# MNIST: convolutional neural networks

We define and train a convolutional neural network (CNN) model to recognize handwritten digits.  Although CNNs can be used in many contexts, they are probably most often used in the context of image processing.

## Required imports

In [None]:
import keras
from keras import backend as K
from keras.datasets import mnist
import matplotlib.pyplot as plt
%matplotlib inline
import numpy as np
from sklearn.model_selection import train_test_split
from sklearn.pipeline import Pipeline
from sklearn.preprocessing import FunctionTransformer, OneHotEncoder

## Data preparation

Depending on the backend keras uses, the input format slightly differs. Either the number of color channels is the first, or the last dimension.  Our input data is grayscale, so there is only a single color channel

In [None]:
img_channels, img_rows, img_cols = 1, 28, 28

if K.image_data_format() == 'channels_first':
    shape_ord = (img_channels, img_rows, img_cols)
else:  # channel_last
    shape_ord = (img_rows, img_cols, img_channels)

Load the data again.

In [None]:
(x_train, y_train), (x_test, y_test) = mnist.load_data()

### Data preprocessing

First, reshape the input data to take into account the color channels of the images.

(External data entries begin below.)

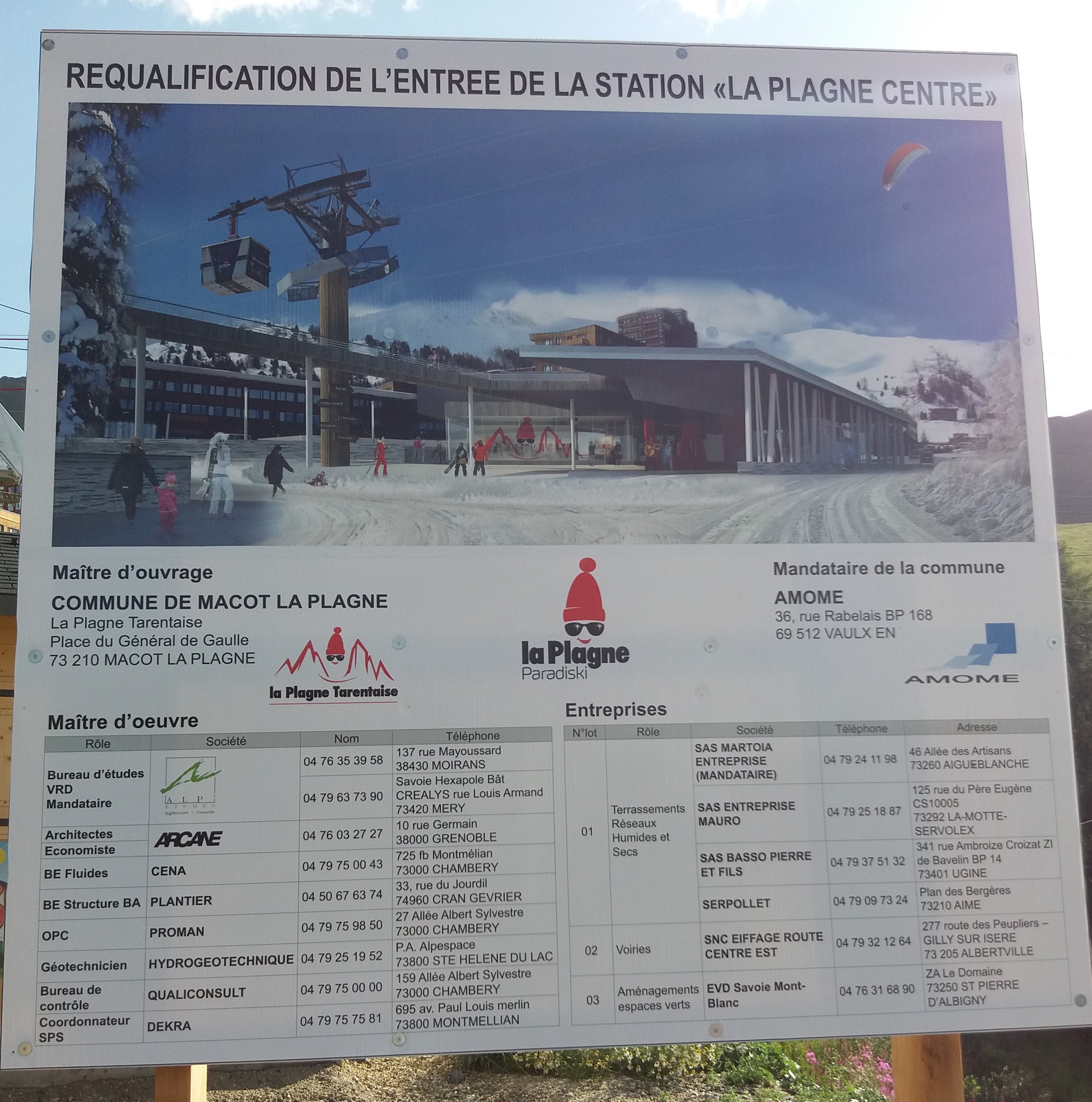 Monsieur le maire rappelle que la commune de Macot la Plagne a engagé un projet de restructuration de la place Albert Perrière à Plagne Centre dans le prolongement de la réhabilitation des galeries de Plagne Centre, et notamment la modernisation de l’espace public de Plagne Centre par la requalification de la place Perrière.
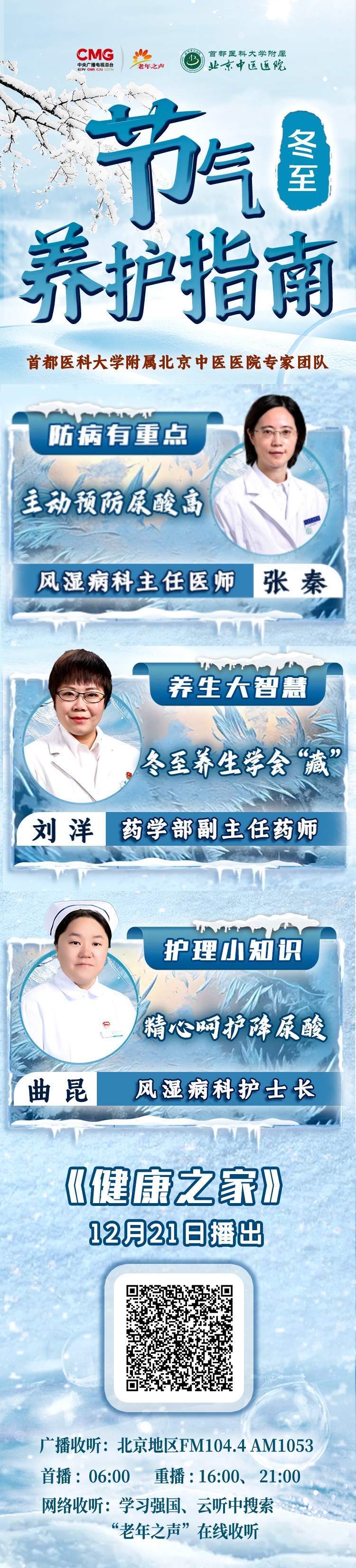 首都医科大学附属北京中医医院风湿病科主任医师张秦、药学部副主任药师刘洋、风湿病科护士长曲昆做客中央广播电视总台老年之声,为您详解冬至节气养护指南。
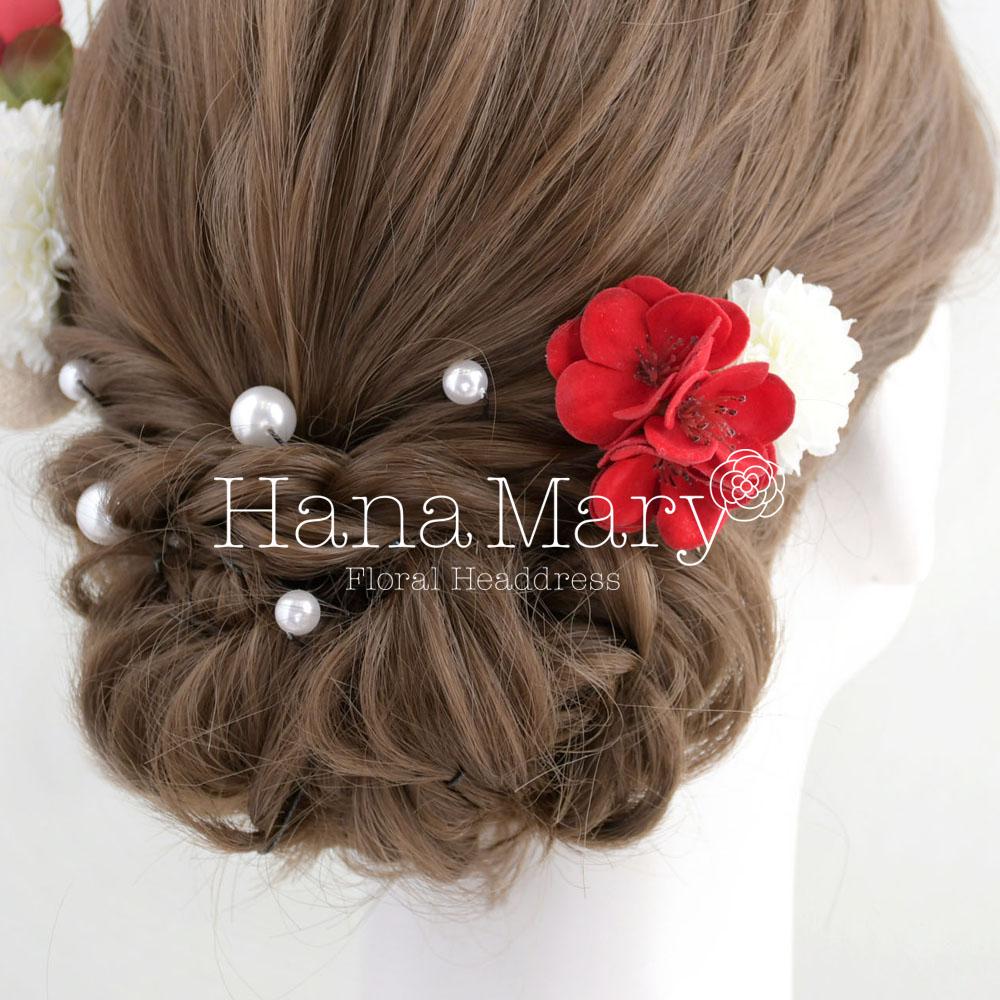 赤い椿とマム、パールピンで華やかに 成人式 卒業式 和装 髪飾り

Most learning algorithms work better when the input data is normalized to the interval $[0, 1]$.

The output can be transformed using the pipeline defined for the multilayer network and can be imported from the `mnist_utils` module.

### Validation data

In order to make this reproducible, we have to seed the random number generator.

In [None]:
np.random.seed(1234)

During the training, we will require a validation set, so we split the training data into two sets, one for actual training, the other for validation.  Note, we don't touch the test data set at all during the training process.  The default is using 75 % of the data for training, 25 % for validation. This function will also shuffle the data set prior to splitting (hence seeding the random number generator).

In [None]:
x_train, x_val, y_train, y_val = train_test_split(x_train, y_train)

In [None]:
x_train.shape, x_val.shape, x_train.dtype, y_train.shape, y_val.shape, y_train.dtype

### Verification

Since we've done quite some transformations, let's verify whether we didn't mess up.

In [None]:
frame = plt.gca()
frame.axes.get_xaxis().set_visible(False)
frame.axes.get_yaxis().set_visible(False)
plt.imshow(x_train[0, :, :, 0], cmap='gray');

In [None]:
print(y_train[0])

## Simple CNN

We start with a very straightforward network with a single convolutional layer.

### Required imports

In [None]:
from keras.models import Sequential
from keras.layers import Activation, Conv2D, Dense, Dropout, Flatten
from keras.optimizers import SGD
import tensorflow as tf

Seed TensorFlow's random number generator.

In [None]:
tf.set_random_seed(40580)

### Model definition

The network has 32 filters, each 3 $\times$ 3 pixels in its convolutional layer, and a ReLU activation function. For the second, dense layer, the output of the convolutional layer is first flattened. The dense layer's activation function is SoftMax to determine the category for the image.

In [None]:
nr_filters = 32
nr_classes = 10
conv_x_size, conv_y_size = 3, 3

In [None]:
cnn_model.summary()

In [None]:
cnn_hist = cnn_model.compile(loss='categorical_crossentropy',
                             optimizer=SGD(lr=0.1, decay=1.0e-6, 
                                           momentum=0.9, nesterov=True),
                             metrics=['accuracy'])

### Training

In [None]:
cnn_hist = cnn_model.fit(x_train, y_train, batch_size=32, epochs=10,
                         verbose=1, validation_data=(x_val, y_val))

In [None]:
def plot_history(network_history):
    plt.figure()
    plt.xlabel('Epochs')
    plt.ylabel('Loss')
    plt.plot(network_history.history['loss'])
    plt.plot(network_history.history['val_loss'])
    plt.legend(['Training', 'Validation'])
    plt.figure()
    plt.xlabel('Epochs')
    plt.ylabel('Accuracy')
    plt.plot(network_history.history['acc'])
    plt.plot(network_history.history['val_acc'])
    plt.legend(['Training', 'Validation'], loc='lower right')

In [None]:
plot_history(cnn_hist)

In [None]:
cnn_model.evaluate(x_test, y_test)

Although the test accuracy is quite acceptable, the training accuracy is a lot higher, so most likely there is some overfitting.

In [None]:
cnn_model.save('mnist_cnn.h5')

## More layers & dropout

This model has an additional hidden layer to improve accuracy.

In [None]:
cnn_do_model.summary()

In [None]:
cnn_do_model.compile(loss='categorical_crossentropy',
                     optimizer=SGD(),
                     metrics=['accuracy'])

In [None]:
cnn_do_hist = cnn_do_model.fit(x_train, y_train, batch_size=32, epochs=10,
                               verbose=1, validation_data=(x_val, y_val))

In [None]:
plot_history(cnn_do_hist)

In [None]:
cnn_do_model.evaluate(x_test, y_test)

Now the accuracies for training, validation and test data are more in line.

In [None]:
cnn_do_model.save('mnist_cnn_do.h5')